Вытянутый вдоль Млечного Пути Северный Крест — словно сказочная птица, завораживающе расправившая крылья. Его мерцающие, вуальные туманности навеяли баснословную Леду с Лебедем, фольклорную Лебединую девицу, сказочную Царевну Лебедь, поэтичную мифологему Умирающего лебедя. Мистерию небесной птицы воплотило и «Лебединое озеро» Чайковского.

В 1933 году Ваганова завершила работу над новой версией спектакля, впервые показанного на Мариинской сцене 38 лет назад. Партию Одетты-Одиллии она разделила на две роли, получившие название Лебедь и Чертовка. Галя в роли Лебедя дебютировала 13 апреля, а 28-го числа впервые исполнила Чертовку. «Сейчас, пока Уланова не пришла в упадок, никому невозможно даже думать танцевать Лебедя», — говорили в театре.

В то время никто не видел ее в жизни с высоко поднятой, запрокинутой головой, чаще всего — глядящей исподлобья, с насупленными бровями. Макаров оставил бытовую зарисовку:

«Галина Сергеевна в зеленоватой пижаме и легких туфлях, с золоченым обручем на голове. Всегда перед раскрытой книгой среди множества больших и маленьких, ярких и блеклых, пестрых и гладких подушек и различных, от негритенка до балеринки, кукол. Перед ней каленые орешки в тарелке с яблоками. Или по обыкновению пришивает она ленты к балетным туфлям, штопает их носки.

Из улановского интерьера — афиши над изголовьем кровати. Большое до пола зеркало. Самый страшный сон — крутит туры на пустой сцене и падает в оркестр».

Ко времени работы над новой версией «Лебединого» Уланова твердо знала: «В танце самое трудное — это пластику тела подчинить разуму, движением донести мысль, философствовать головой, а не ногами». Она признавалась, что имеет интерес к чему-нибудь, когда устает от работы, от которой получает удовлетворение. Если отсутствует любимая работа, «не возникает никаких интересов, всё противно и ничего не хочется».

После Жизели Комсомолка или Ледяная дева казались Гале «попросту неинтересными, бессодержательными». А вот роль Лебедя «словно осветилась новым светом». Уланова считала вагановскую постановку переломной в своем творчестве:

«Я становилась старше, появлялся опыт, житейский и театральный кругозор становился шире. Множество жизненных наблюдений, раздумий не только над балетной, но и над симфонической и оперной музыкой, музыкой Чайковского, книги подсказали мне, что образ этот чрезвычайно глубок.

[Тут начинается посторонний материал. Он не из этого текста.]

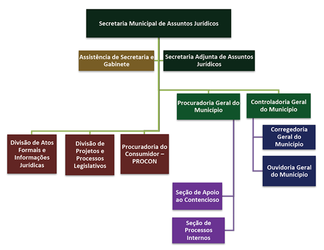A Secretaria Municipal de Assuntos Jurídicos é composta pelos seguintes órgãos:

Его музыка раскрывалась передо мной как-то заново, и порой мне казалось, что я слышу ее впервые, — такие чарующие, танцевальные, поэтические «открытия» сделала я для себя в партитуре на этот раз.

С другой стороны, понятие о сценическом образе в танце уже не было для меня незнакомым. А музыка балета Чайковского была понятной настолько, что определяла всё мое сценическое поведение.

Когда я готовила «Лебединое озеро», всё окружающее представлялось мне освещенным этой работой. Всё, что я видела, читала, слушала, воспринималось мной «сквозь магический кристалл» этого балета и моих задач в нем. Для меня Одетта была образом вечной женственности, трогательности и благородства. Как должен был проявиться этот образ во мне?

Здесь уместно вспомнить, что в той постановке… Одетта — обыкновенная птица Лебедь и Одиллия — реальная и коварная девушка. Мне надо было исполнить первую. Причем, по новому либретто и замыслу балетмейстера, романтично настроенному графу, который фантазирует и верит своей фантазии, Лебедь показывалась девушкой. Поэтому мне надо было искать какие-то движения то настоящей птицы, то кажущейся девушки. Я начинала замечать, какое из моих движений яснее определяет ее основные черты, и старалась от начала до конца быть в образе.

Но дело было не в технике этих движений, хотя овладеть ими было очень трудно. Моя Лебедь должна была рассказать не столько о терзаниях души, сколько о трепетном томлении первого девичьего чувства, о его святости, убежденности и всепобеждающей силе. В новом «Лебедином озере» передо мной была поставлена задача создать образ, отличный от установленных балетных традиций».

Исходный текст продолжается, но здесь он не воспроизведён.